Letters to Young Cripples

My good friend Steve Kuusisto has been posting "Letters to a Young Cripple" on his blog Planet of the Blind. I find his words deeply moving. We hatched the idea drinking beer in a brewery. That is what good academics do. Drink beer and  in our case work on the art of disability. I am not sure any bipeds appreciate what we do but I sure do enjoy life. I have a series of such letters written and this will be an ongoing theme.

Letter one.

Young cripples. You are hated by many. You sense this. You may directly experience hatred. You likely have been segregated to “resource rooms” and deemed “special” in secondary schools across the nation. You are often the only cripple present--the lone person using a wheelchair. You feel lonely and isolated.  I feel this too. I feel loneliness in the marrow of my bones. Get over it. Do your best. Try hard. It is okay to fail. I have failed to get over a feeling of alienation my entire adult life.  I hope you will not feel the same when you are as old as me. This is probably not going to happen but you can hope. I hoped, and believed, I would be equal someday in my lifetime. I no long believe that. It is a bitter pill to swallow.

Never given in to the hatred. Never give in and accept less in life. When you are given what superficially appears to be a good deal stop and think. Cool you are going to be the only kid who will get a taxi ride to school. No bus rides. No bullies. Why the largesse? Some typical other person in authority is too cheap to authorize a lift on the bus. You are not worthy of the expenditure. You are less. Fight back with vigilance.Do not accept crumbs doled out to the crippled so we are not seen and supposedly treated with selective kindness.

Forge ahead on your own. Let Mom and Dad go. They will not be able to advocate for you someday. I hope they have taught you how to self advocate. Like it or not, you will spend enormous amounts of time advocating for yourself and others like you. The world, both physically and socially, has not given you any consideration. Our physical structures remain largely inaccessible. Our social environment is hostile and you will encounter ableism at every turn because it is built into the fabric of society.
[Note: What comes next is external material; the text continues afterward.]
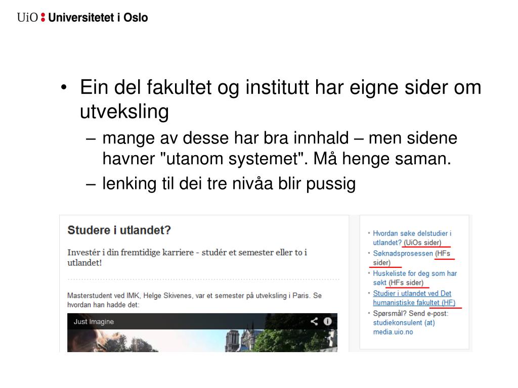 Ein del fakultet og institutt har eigne sider om utveksling • mange av desse har bra innhald – men sidene havner "utanom systemet". Må henge saman. • lenking til dei tre nivåa blir pussig

You need to face ableism head on and do your best to undermine it in any and all ways. You are not just one person. You represent others. If people tell you that you have a chip on your shoulder you are doing something right.  When a biped tells me this I reply I have a boulder on my shoulder. Being angry is healthy. Social injustice does that to people. You will encounter social justice—it is part of a cripple’s life.  
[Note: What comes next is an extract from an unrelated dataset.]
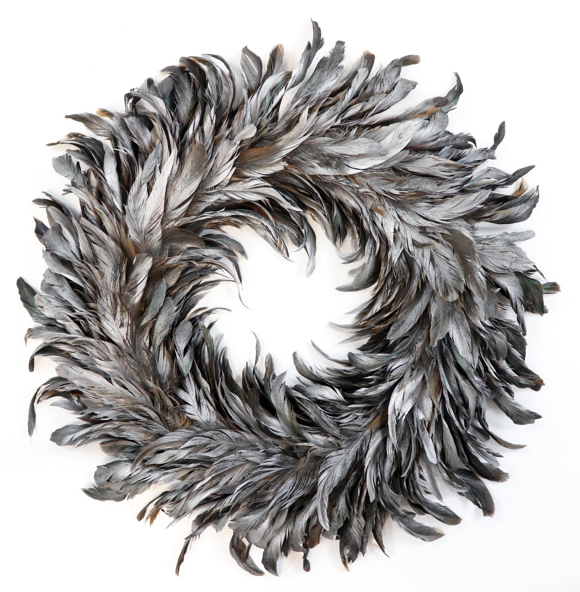 ENThe silver "Argento" feather wreath - the perfect addition to a stylish living ambience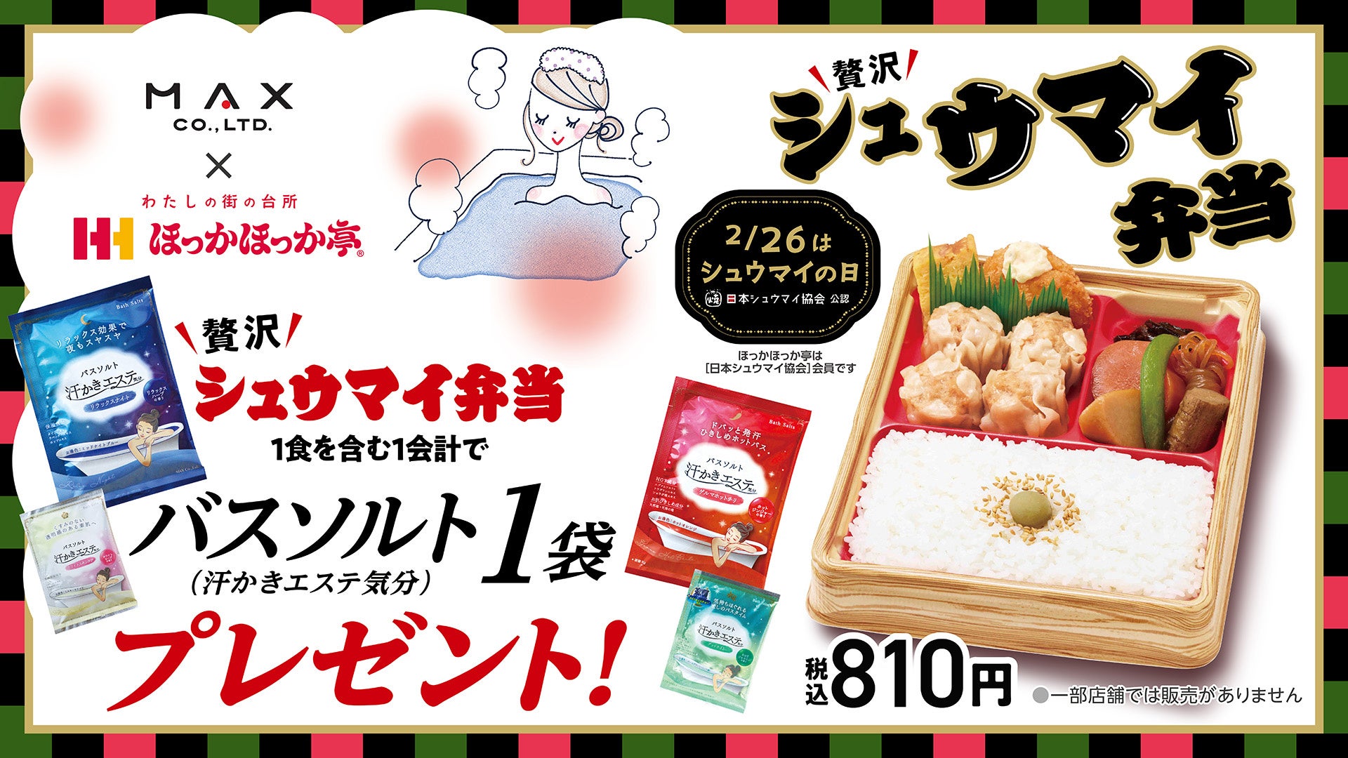 持ち帰り弁当事業のパイオニアである「株式会社ほっかほっか亭総本部」(本社:大阪府大阪市、代表取締役会長兼社長:青木達也)は、スキンケア・ボディケア・ヘアケア製品の企画・製造を手がける「株式会社マックス」(本社:大阪府八尾市、代表取締役社長 大野 範子、以下「マックス社」)との異業種コラボレーション企画として、“風呂の日”である2026年2月6日(金)より、「\贅沢/シュウマイ弁当」をご購入のお客さまに、バスソルト「汗かきエステ気分」をプレゼントするキャンペーンを実施いたします。

Never forget our people. We are largely poor. We are unemployed in large numbers. We are white. We are black. We are fat. We are thin, tall, ugly, gorgeous, and more. We are simply human. Never forget you are a human being—homo sapien sapien. We are symbol builders and tool makers. Most of all we are adaptable and wildly creative. Embrace the art of disability. Embrace it because you will wake up in the middle of the night alone. You will think “I must be wrong. I am not fully human. I am a rotten person. I am a drain on others.” Don’t go down that rabbit hole. You are a good person. You have human rights. Oppression is wrong. Ableism kills. Do not give typical others the satisfaction. Resist.
 

1 comment:

  1. "boulder on my shoulder": Intended or not, I like the Springsteen reference!